We sat in the living room and over a cup of hot water, the lady, who introduced herself as Clarissa, told me she was the mother to the boy, Paul.

Did the boy, she asked me, remind me of anyone I knew? I shook my head so vigorously she should have known I was lying. She told the boy to eat an avocado that was on the table and when he grabbed it, tore off the peel in a second and then tossed it into his mouth, I knew there and then I could lie no more.

“Yes, you are right. 12 years ago, Harold met me. I had gone out to take some peas to my uncle, and there he was, Harold, with a beautiful car. Right in the middle of the road,” she said.

I held back laughter.

“What was he doing in the middle of the road?”

“He told me he had decided to rest and his car preferred to nap in the middle of the road, as all classy cars do.”

I knew what must have happened.
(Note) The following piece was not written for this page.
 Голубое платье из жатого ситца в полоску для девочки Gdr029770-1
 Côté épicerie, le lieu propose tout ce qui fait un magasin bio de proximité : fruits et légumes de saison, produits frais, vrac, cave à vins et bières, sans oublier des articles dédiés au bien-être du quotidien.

Harold’s sorry jalopy had stalled in the middle of the road and the cunning opportunist used it as a prop in his flirting. 
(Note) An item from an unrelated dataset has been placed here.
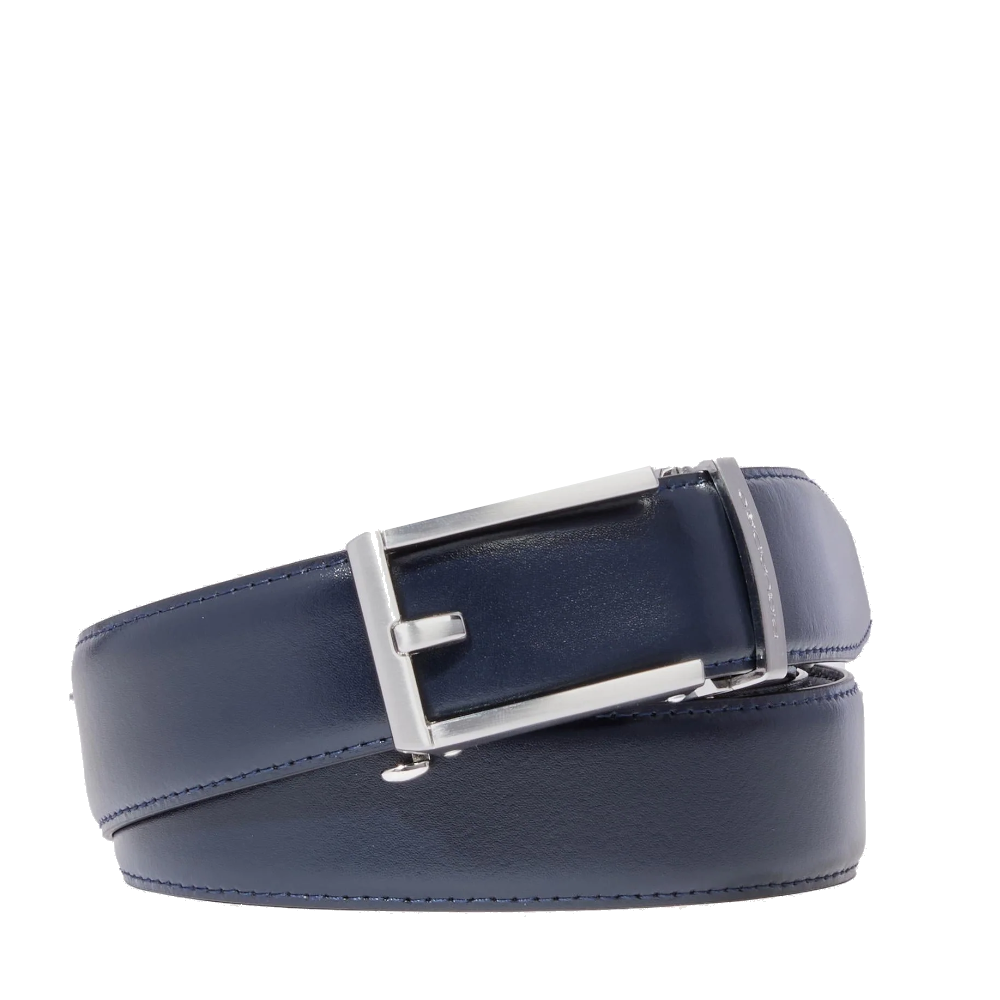 Cintura da uomo in pelle regolabile senza fori Piquadro, elegante e funzionale, pensata per chi desidera uno stile impeccabile unito al massimo comfort. Realizzata in pregiata pelle di vitello, si distingue per la sua superficie liscia e raffinata, valorizzata da una fibbia automatica dal design moderno con finiture metalliche di alta qualità.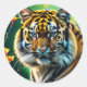 Niedliche KI generierte Tiger mit orangefarbenen Blume.

She narrated how she threw her peas in the car boot and got inside the car. Whatever happened in the next few seconds cannot be done justice by words in this story, but when Harold finally left, she knew that things were about to get difficult.

And they did. Ever since, she had tried to track down Harold, she said, through the years asking around and praying earnestly. And finally, her prayer had been answered. She did not tell me exactly how Harold came into the picture but it had something to do with Sue.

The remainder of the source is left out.